Tuesday, August 10, 2004

The Da Vinci Code.

I just finished reading the book yesterday. It was a pretty interesting book. It was mind-boggling and mysterious in some ways. Every chapter of the book gives you a cliff hanger that will keep you from putting it down and not returning to it anymore. Dan Brown described each character, each place and each event using all the parts of the English language. Let me put it this way, as you read through a description, you can picture the person, the place or the event in your head, just like the way he describes it. It's crazy!

This book depicted Jesus Christ as a not-so-perfect person; a person who was said to be "perfect" had a relationship with Mary Magdalene (who was described as a "prostitute" in the book). Somehow, it felt like it was non-fiction because of all the historic people, places, and things that he tackled.
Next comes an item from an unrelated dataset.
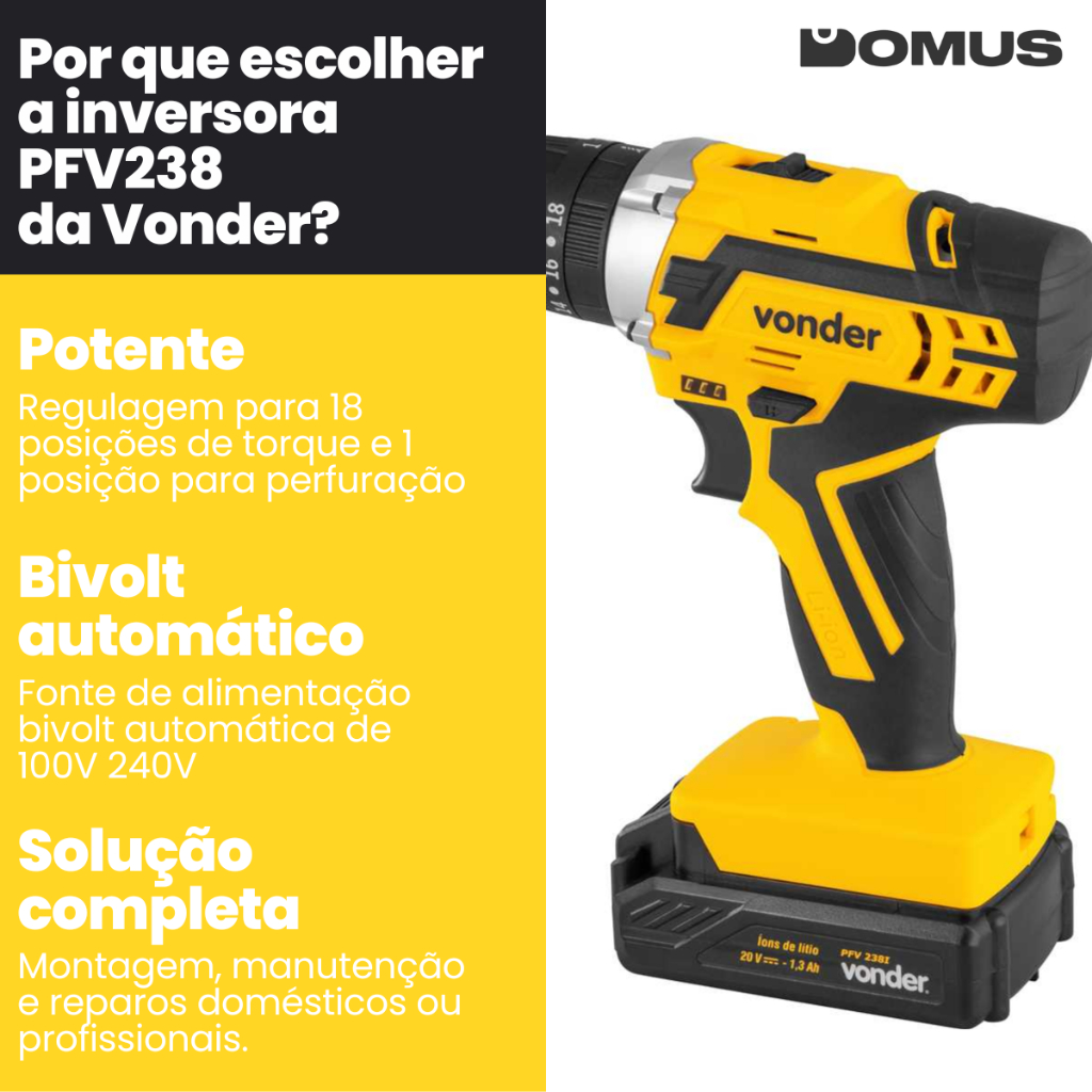 Parafusadeira Furadeira PFV238I Com Impacto 20V Bateria 2 Velocidades Mandril 13mm Vonder

The most eeriest thing he described was the "Hieros Gaimos" (if it ain't the right spelling, tell me), which was a ritual that was done by the Priory of Sion---a secret society, as to what the book says. A ritual which, in layman's term means, sex.

Bamboo rocks.

Their song "Noypi" has a line that says, "Sa dami mong problema/Nakuha mo pang ngumiti/Noypi ka nga/Astig". When I read that line from the lyrics written in their album cover, I remembered my friend, Joy, praising or maybe telling me na "nakukuha ko pang ngumiti kahit na me problema ako at the moment"---this was the time when I had a problem back in Christmas '03.

Before, when I had problems regarding my life, I looked like a theatre mask (you know that mask that you see in front of play invitations?? Those two masks?? One smiling and one crying??), anyway to be a bit more CLEARER, I was doning a poker face, on the outside I was all smiles; on the inside I was either mad or crying. Up until now, I still don the poker face. I don't know, I guess that helps me in a way, because I hate being dramatic all the time. I sometimes hate to talk about dramatic stuff also. I cringe everytime I see people in telenovelas acting like someone's going to die with their cries and whinings (but I still watch those damn telenovelas, pretty weird huh?).

Only a month left.

Wow, days fly by so fast and before I know it, its "buhbye PI, see you in 3 or 4 or 5 years". Well, I can't go down memory lane yet, since this vacation isn't officially over. I still have the Baguio trip that my sister's family and I are going to do next week. I still have 4 birthday people to greet and celebrate their birthdays with and I still have some serious shopping to do (for the bilins that my mom told me). OK. Gotta get my groove on or else..

Midnight Rendezvous.

This is really not the normal me, but everytime the clock gets closer to 12 am, I feel hunger pangs. I constantly stand up from the couch near the tv and search for food in the fridge. REAL FOOD, I might add, not junk food. After this blogging, I will go heat up some kaldereta that my sister cooked this lunch.